In one case, the characters fought a dragon to within an inch of it’s life. Deciding that discretion is the better part of valor, the dragon took it’s trove and left its lair in the characters lands. All, that is, except for a silver piece for each character. At the time, I figured the dragon did it to taunt the characters, a little jab about defeating a dragon in combat and getting only these few silver for their efforts. The characters, however, thought there was some significance to the coins, so they took them and kept the coins isolated for many, many levels. Then I set before them the task of reaching the outer plane of hell, and the terrible efforts that it would require. The mage of the group had the bright idea of paying Charon with the silver coins left by the dragon those many levels before.
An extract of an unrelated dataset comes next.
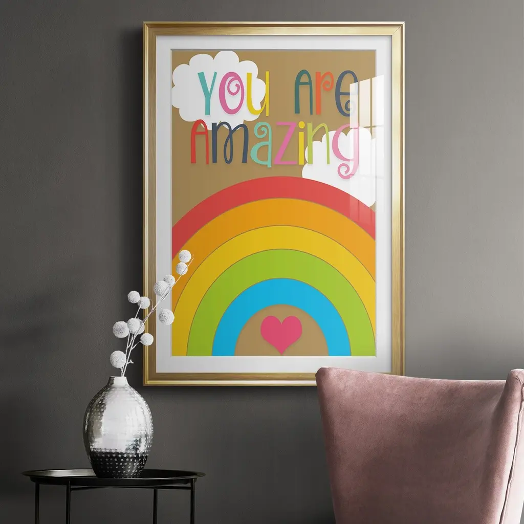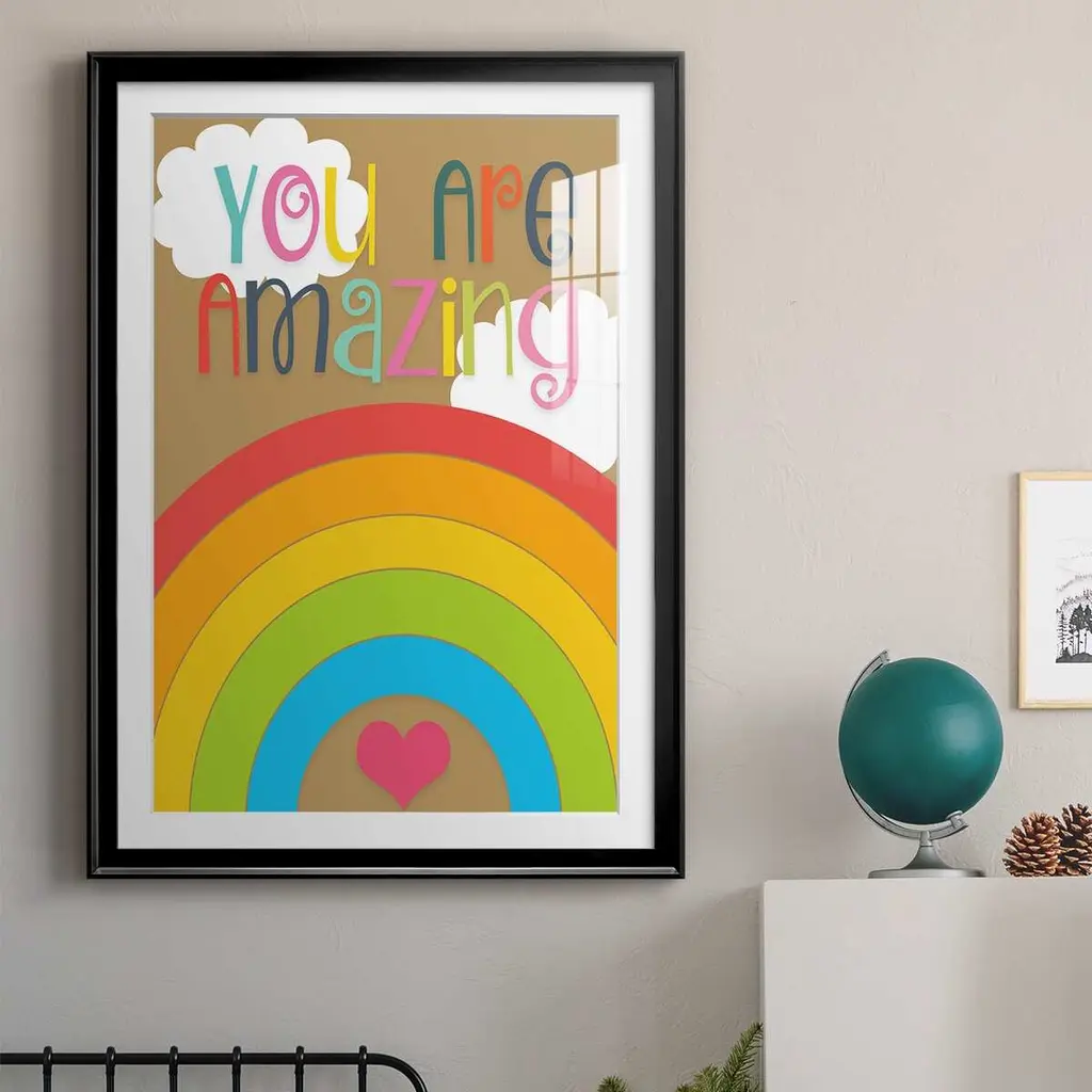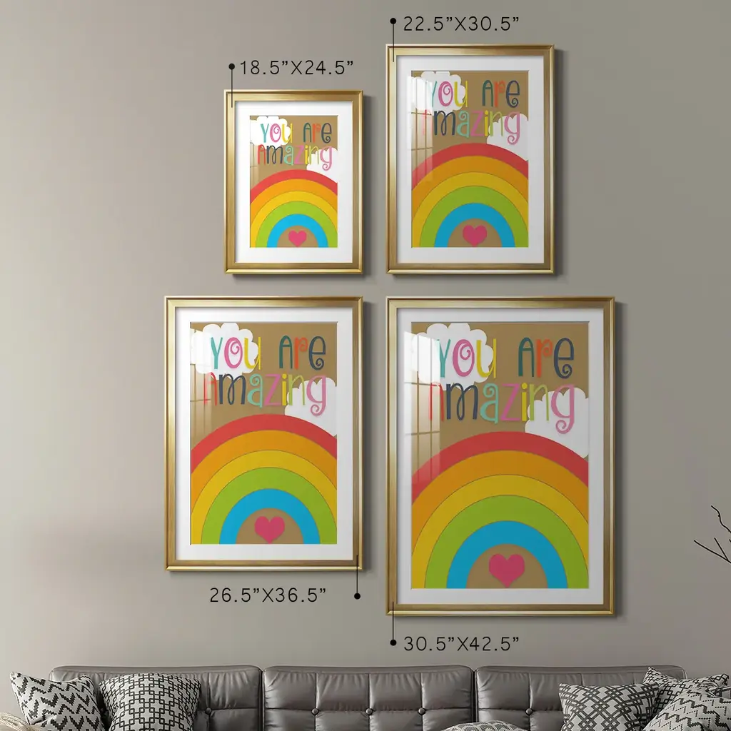 You Are Amazing Premium Framed Print - Ready to Hang A Premium Framed Print created to last. Framed in distressed wood and available in an array of sizes and colors Featuring a beveled a solid wood stretcher bar, each piece comes ready to hand 4 SIZES AVAILABLE 30.5''X42.5'' - Overall Size 26.5'X36.5'' - Overall Size 22.5''x30.5'' - Overall Size 18.5''x24.5'' - Overall Size Each piece is made to order. Each piece comes with hanging hardware. Made in the USA Ready to Hang Giclee Paper Print Acrylic Glass Beveled Matt Board

As the GM, I couldn’t’ve agreed more that that seemed like a great idea. So, a couple of rolls and a tense few moments of RP later the seemingly innocuous coins bought the players safe passage into, but not through, the land of the dead. (Not to worry, the dragon developed a motivation for wanting the characters to go which the characters would discover at a future date.)
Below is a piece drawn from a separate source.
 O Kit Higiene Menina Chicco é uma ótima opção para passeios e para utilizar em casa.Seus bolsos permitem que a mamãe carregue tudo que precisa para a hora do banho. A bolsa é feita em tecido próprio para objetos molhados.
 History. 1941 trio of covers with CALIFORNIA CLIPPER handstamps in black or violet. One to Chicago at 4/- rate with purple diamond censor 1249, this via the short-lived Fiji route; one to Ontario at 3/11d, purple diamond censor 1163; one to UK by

Another instance was a group of low level characters out in the towns far from the central capitol. They defeated an aged warlord, and were properly rewarded with XP, items, NPC accolades. They also got a weird rough wooden rod that bore striking similarity to the country’s staff of office. Non-magical and without value the warlord seemed to understand something about the item that magic could not discern. Many years later, both in game and out, the characters finally came face-to-face with the emperor, desperate for his support. Turns out, that the emperor and the characters came from the same sleepy back-water town. The aged warlord, it turns out, was the first major enemy of the emperors path to glory. The rough staff, a totem used to distract the warlord by the ambitious adventurer. So, the players turn the item over to him thereby garnering the staff the name ‘rosebud’ and securing his personal affection and political support.
These are success stories, of course. There are plenty of times that the characters get an item of seeming significance and nothing ever happens with it. That’s not a dud, however. It is, or was, important to ~someone~ and the players know it. The question is one of immersion and perhaps more important is the sense of continuity that players get when something they did at level three or four affects something they are doing at level thirteen or fourteen. Having seemingly trivial things occur all the time contributes to the feeling that there’s a world out there and it’s happening despite, or because of, the characters efforts. Having a large number of those random things happen gives the GM a good resource to tap when inspiration strikes and a game or subplot gets altered but requires the feel of having been woven into a game.